Forum Archive

Problem with (what I thought was) a simple regex

tguillemin

I want to capitalize the first letter of each line in a text. So, I came up with the following Find/Replace (Regular Expression)

Find : ^([a-z])

Replace with : \U$1

This works in Regex101 (Python flavor), but not in Editorial (I get a capital U at the beginning of each line starting with a lower case character)

Where did I go wrong ?

Thanks in advance

omz

Hmm, this doesn't work in Regex101 for me, and I've never heard of \U as an "uppercase modifier" (I'm not a regex expert though).

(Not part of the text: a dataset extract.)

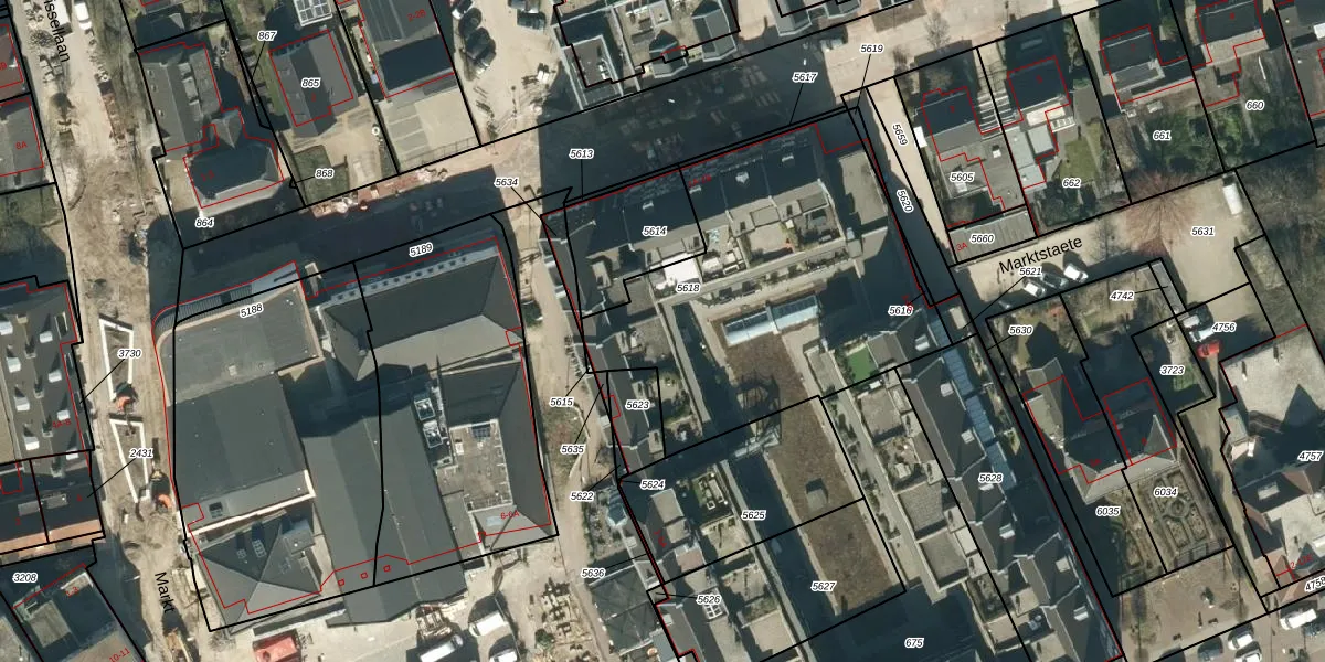Het perceel waarop Marktstaete 38 staat heeft een oppervlakte van 1567 m². Dit is een zeer groot perceel. De perceeloppervlakte wordt geregistreerd door het Kadaster. Gedetailleerde informatie over de maten van dit perceel kunt u vinden in het rapport Kadastrale kaart met maatvoering van Marktstaete 38.

You can achieve the same effect using a Python script action with something like this in Editorial:

import re, workflow
text = workflow.get_input()
text = re.sub(r'^([a-z])', lambda m: m.group(1).upper(), text, flags=re.M)
workflow.set_output(text)
omz

Wait, it does work in Regex101 (no idea why it didn't previously), but I don't really know why, i.e. which regex feature/flavor is responsible for it. Anyway, I hope the script helps.

tguillemin

It woks nicely
Thank you very much, and thanks again for this app.

ccc

Some people, when confronted with a problem, think "I know, I'll use regular expressions." Now they have two problems. -- Jamie Zawinski, 1997

lines = '\n'.join(line[:1].upper() + line[1:] for line in lines.splitlines())
dgelessus

@ccc You might want to use .title() instead of .upper(). For Unicode characters that contain more than one letter (like the ligature), .upper() does not do what you expect:

>>> s = "finish"
>>> s[0].upper() + s[1:]
'FInish'
>>> s[0].title() + s[1:]
'Finish'

To be fair, it's unlikely that you'll ever encounter a character like that in practice, but it doesn't hurt to use the proper method.

ccc

@dgelessus Watch out for those blank lines...

lines = '\n'.join(line[:1].title() + line[1:] for line in lines.splitlines()) + '\n'

Solves the ligature issue and deals gracefully with blank lines (except at end of file).

The regex approach does not handle leading ligatures but instead leaves them lowercase because the ligature is not in [a-z].

tguillemin

@ccc said:

lines = '\n'.join(line[:1].title() + line[1:] for line in lines.splitlines()) + '\n'

I had not tried it with blank lines (in my file, it does not occur)
Nevertheless, I tried your solution - successfully - after inserting those blank lines.

Thank you. That will most certainly be useful some day…!